Meanwhile, AI Hypercomputer represents a revolutionary transformation in supercomputing architecture. It combines optimized performance hardware, open-source software, major machine learning frameworks, and adjustable consumption models. Departing from traditional approaches that reinforce discrete components, AI Hypercomputer employs collaborative system design to enhance AI efficiency and productivity in training, fine-tuning, and service domains.

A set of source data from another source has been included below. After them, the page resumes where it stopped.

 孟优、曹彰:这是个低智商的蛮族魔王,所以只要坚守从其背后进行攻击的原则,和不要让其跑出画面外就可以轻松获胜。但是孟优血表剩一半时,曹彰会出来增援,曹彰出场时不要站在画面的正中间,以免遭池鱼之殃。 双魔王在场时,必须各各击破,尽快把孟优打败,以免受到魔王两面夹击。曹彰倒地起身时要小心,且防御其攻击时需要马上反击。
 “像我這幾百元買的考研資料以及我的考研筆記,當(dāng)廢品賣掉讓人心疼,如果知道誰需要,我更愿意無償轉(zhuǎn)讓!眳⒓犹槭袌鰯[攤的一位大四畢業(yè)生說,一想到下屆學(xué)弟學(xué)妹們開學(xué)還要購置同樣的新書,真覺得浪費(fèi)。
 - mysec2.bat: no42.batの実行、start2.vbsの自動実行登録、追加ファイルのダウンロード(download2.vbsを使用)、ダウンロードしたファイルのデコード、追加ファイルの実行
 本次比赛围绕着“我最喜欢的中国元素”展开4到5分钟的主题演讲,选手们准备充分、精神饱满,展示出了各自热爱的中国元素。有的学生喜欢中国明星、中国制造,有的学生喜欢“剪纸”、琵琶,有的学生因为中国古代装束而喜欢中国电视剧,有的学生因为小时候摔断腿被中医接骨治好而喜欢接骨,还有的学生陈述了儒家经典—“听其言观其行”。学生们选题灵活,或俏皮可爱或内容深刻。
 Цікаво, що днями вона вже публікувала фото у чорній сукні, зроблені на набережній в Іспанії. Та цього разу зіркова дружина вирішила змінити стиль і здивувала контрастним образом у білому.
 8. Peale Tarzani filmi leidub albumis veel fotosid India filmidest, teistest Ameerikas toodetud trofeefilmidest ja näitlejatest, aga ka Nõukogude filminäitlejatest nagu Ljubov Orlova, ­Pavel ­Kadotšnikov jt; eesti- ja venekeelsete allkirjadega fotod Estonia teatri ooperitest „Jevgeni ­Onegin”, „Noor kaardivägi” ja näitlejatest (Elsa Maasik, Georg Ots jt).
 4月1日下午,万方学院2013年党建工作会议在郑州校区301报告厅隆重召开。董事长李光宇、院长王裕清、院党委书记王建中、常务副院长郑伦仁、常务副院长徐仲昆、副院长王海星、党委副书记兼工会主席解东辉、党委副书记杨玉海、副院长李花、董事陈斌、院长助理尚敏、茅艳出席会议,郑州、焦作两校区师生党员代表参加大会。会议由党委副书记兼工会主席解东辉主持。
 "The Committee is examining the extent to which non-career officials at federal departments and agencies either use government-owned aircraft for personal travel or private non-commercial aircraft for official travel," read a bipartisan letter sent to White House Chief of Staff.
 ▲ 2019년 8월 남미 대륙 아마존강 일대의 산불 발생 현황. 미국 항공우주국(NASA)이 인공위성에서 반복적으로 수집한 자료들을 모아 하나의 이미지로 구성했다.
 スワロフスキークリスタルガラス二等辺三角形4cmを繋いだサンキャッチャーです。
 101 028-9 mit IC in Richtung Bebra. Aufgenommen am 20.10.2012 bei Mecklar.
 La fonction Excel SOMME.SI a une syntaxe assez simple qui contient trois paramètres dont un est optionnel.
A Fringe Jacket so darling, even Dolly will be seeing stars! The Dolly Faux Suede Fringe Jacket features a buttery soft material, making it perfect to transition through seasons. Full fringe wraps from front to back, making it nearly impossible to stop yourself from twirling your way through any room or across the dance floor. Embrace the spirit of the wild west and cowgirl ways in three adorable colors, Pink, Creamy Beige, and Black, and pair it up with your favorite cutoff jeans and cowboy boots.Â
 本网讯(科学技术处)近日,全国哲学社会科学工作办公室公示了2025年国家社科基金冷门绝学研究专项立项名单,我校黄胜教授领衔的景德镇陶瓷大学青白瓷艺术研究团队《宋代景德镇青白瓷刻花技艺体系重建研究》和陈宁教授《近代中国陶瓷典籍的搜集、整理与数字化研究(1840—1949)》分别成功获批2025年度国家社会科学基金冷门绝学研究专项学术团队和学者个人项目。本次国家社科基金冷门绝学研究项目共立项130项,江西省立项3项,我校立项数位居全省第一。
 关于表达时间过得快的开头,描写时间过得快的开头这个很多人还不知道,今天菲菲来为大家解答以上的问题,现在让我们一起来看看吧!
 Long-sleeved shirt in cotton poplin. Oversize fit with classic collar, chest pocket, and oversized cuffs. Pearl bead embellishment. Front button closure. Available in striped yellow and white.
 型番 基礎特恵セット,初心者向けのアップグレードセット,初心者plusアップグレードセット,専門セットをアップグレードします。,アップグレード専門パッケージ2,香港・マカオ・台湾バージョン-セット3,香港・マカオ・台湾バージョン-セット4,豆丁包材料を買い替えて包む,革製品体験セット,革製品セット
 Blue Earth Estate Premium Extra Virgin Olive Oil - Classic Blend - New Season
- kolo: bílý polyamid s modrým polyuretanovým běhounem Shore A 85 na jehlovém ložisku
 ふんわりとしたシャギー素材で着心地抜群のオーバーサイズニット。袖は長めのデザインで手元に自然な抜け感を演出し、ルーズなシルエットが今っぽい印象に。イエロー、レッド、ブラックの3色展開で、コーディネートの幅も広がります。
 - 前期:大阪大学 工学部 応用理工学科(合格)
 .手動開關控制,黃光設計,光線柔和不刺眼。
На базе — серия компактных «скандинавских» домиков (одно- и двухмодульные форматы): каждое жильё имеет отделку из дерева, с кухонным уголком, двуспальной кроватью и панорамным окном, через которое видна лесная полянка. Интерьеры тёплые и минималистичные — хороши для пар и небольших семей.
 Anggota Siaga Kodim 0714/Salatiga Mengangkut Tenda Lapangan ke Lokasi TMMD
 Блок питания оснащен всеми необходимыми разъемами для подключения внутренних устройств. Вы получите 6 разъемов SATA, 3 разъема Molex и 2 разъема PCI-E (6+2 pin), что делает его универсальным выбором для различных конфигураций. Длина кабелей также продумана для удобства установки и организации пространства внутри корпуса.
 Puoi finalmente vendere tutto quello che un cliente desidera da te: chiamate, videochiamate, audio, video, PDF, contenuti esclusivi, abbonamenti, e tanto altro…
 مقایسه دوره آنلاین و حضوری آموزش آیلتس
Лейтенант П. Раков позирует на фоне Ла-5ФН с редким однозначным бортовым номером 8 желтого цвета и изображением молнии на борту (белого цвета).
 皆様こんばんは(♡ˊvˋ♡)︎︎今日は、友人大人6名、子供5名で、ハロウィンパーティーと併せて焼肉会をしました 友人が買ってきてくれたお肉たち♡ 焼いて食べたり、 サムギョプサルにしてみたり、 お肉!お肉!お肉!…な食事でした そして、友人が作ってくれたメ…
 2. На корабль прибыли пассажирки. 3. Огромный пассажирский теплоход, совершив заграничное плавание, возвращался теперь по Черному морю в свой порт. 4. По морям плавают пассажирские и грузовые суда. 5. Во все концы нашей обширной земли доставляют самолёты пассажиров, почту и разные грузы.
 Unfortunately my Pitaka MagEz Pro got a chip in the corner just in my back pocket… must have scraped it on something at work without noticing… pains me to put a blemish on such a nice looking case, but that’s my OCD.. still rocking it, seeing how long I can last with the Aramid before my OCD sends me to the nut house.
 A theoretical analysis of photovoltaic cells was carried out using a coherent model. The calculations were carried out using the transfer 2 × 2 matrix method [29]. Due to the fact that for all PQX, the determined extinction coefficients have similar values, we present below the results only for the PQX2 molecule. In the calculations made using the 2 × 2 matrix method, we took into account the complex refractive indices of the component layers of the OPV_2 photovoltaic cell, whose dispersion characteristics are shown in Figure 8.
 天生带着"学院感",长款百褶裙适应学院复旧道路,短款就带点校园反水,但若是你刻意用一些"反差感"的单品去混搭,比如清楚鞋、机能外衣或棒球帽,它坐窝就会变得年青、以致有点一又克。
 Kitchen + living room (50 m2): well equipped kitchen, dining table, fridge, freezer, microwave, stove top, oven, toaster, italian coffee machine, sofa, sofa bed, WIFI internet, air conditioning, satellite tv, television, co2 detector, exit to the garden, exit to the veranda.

This advanced architecture is built upon meticulously optimized hyperscale data center infrastructure for computation, storage, and networking. Furthermore, it provides developers with access to relevant hardware through open-source software, supporting machine learning frameworks such as JAX, TensorFlow, and PyTorch. This integration extends to software like Multislice Training and Multihost Inferencing, while deeply incorporating Google Kubernetes Engine (GKE) and Google Compute Engine.

The truly distinctive feature of AI Hypercomputer lies in its flexible consumption model, specifically designed to meet AI task requirements. It introduces innovative solutions like the Dynamic Workload Scheduler alongside traditional consumption models including Committed Use Discounts (CUD), on-demand, and Spot pricing. This resource management and task scheduling platform supports both Cloud TPUs and Nvidia GPUs, simplifying the scheduling of all required accelerators to optimize user expenditure.

Under this model, the Flex Start option is ideal for model fine-tuning, experiments, shorter training sessions, offline inference, and batch processing tasks. It provides a cost-effective way to request GPU and TPU capacity before execution. Conversely, the Calendar mode allows for scheduling specific start times, catering to training and experimental tasks that require precise start times and durations, available for purchase up to 8 weeks in advance, lasting 7 or 14 days.

Google's release of Cloud TPU v5p, AI Hypercomputer, and Dynamic Workload Scheduler represents a major leap in AI processing capabilities, ushering in a new era of performance enhancement, optimized architecture, and flexible consumption models. These innovations are expected to redefine the landscape of AI computing and pave the way for groundbreaking advancements across various industries.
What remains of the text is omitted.